Le groupe a affirmé son souhaite de réaliser une mobilisation commune à Dakar au sein d’un espace où la culture sera posée en termes de droit humain et pas simplement en tant qu’animation culturelle. Plusieurs propositions ont été formulées dans ce sens :

  • Rassembler les acteurs culturels et de la société civile pour mener des actions communes dans le domaine culturel et artistique ; 
  • Créer une synergie entre les acteurs d’Afrique et d’Amérique latine ; 
  • Mettre en place un espace informatif avec de la documentation sur les expériences culturelles, les outils existants, etc. 
  • Élaborer à Dakar un plan d’action pour les deux années à venir en matière de politiques culturelles.

Suite à cette rencontre, une mailing-liste a été créée pour travailler plus concrètement sur la programmation et les aspects pratiques de la mobilisation qui aura lieu à Dakar. L’idée a été évoquée de mettre en place une « caravane » pour se rendre au forum.

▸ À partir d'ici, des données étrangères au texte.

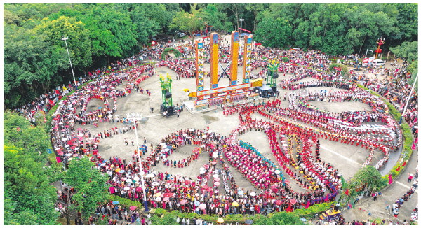 ◥这是云南省德宏州陇川县第十六届(2025年)目瑙纵歌活动现场(10月2日摄,无人机照片)。
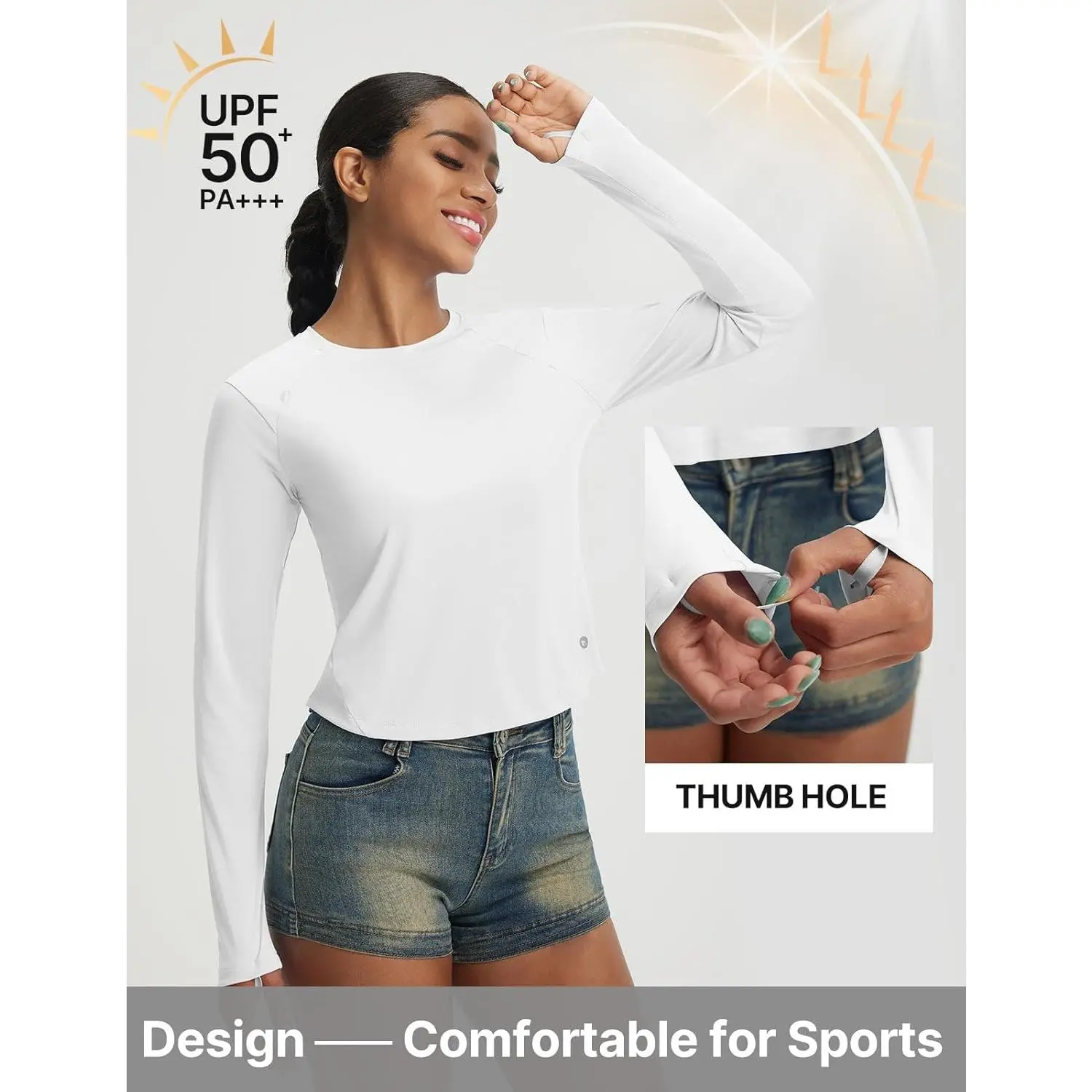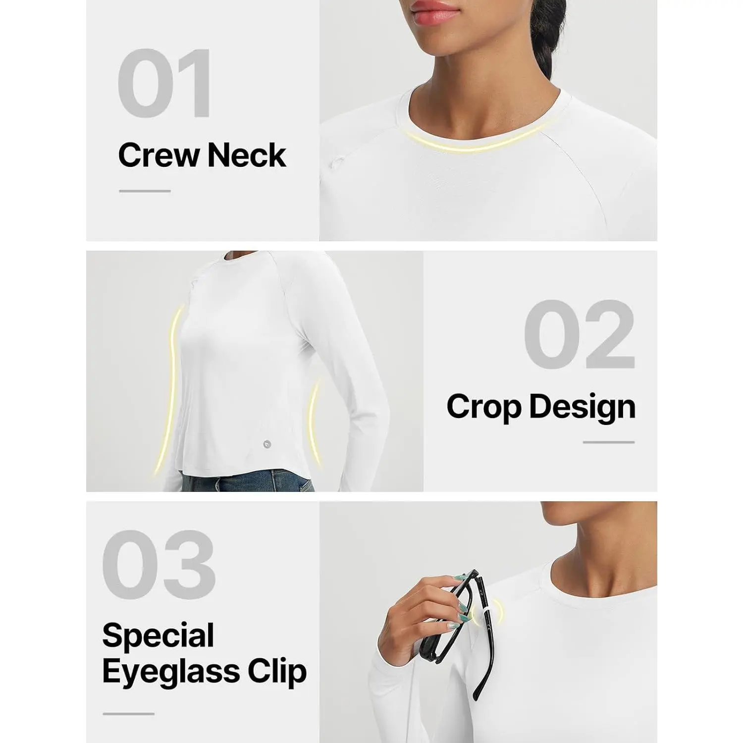 Reliable UPF 50+ Protection: These long sleeve shirts provide trusted UPF 50+ protection, effectively blocking over 98% of harmful UV rays for worry-free wear. Cropped & Slim Fit: This 20" (S) top has a secure length and slim fit that shapes your waist. The flattering seams and curved hem enhance your figure, while the crew neck adds style. Its tailored cut allows full freedom of movement. Soft & Breathable Feel: Made from soft, lightweight fabric that is highly breathable and moisture-wicking for lasting comfort. Thoughtful Features: Thumb loops lock sleeves in place for no-slip comfort, an external eyewear loop on the shoulder allows for convenient storage of glasses when out or during exercise. Versatile Wear: Works perfectly as a base layer, rash guard for swimming, or standalone tops for hiking, yoga, and casual days. Essential activewear for an active lifestyle.

Les droits culturels : des droits fondamentaux

A la fin du Forum les participants ont lancé un appel pour que les droits culturels soient reconnus comme un droit fondamental. Ils ont également appelé à : 

  • La tenue d’assises nationales pour la culture au Maroc et dans d’autres pays ; 
  • La prise en compte du droit dans la mouvance des forums sociaux ; 
  • La concertation des acteurs culturels, des artistes, de la société civile pour développer ces travaux ; 
  • L’adhésion à l’action mondiale qui travaille dans le même sens pour une culture démocratique qui respecte les droits ; 
  • Le soutien aux actions des Abattoirs pour la sauvegarde du patrimoine et de l’architecture marocaine, mais aussi en tant que lieu d’expression artistique et de défense des droits culturels.

La journée s’est clôturée par la projection en avant première, du film amazigh « Tichka », en présence du réalisateur Rami Fijjaj.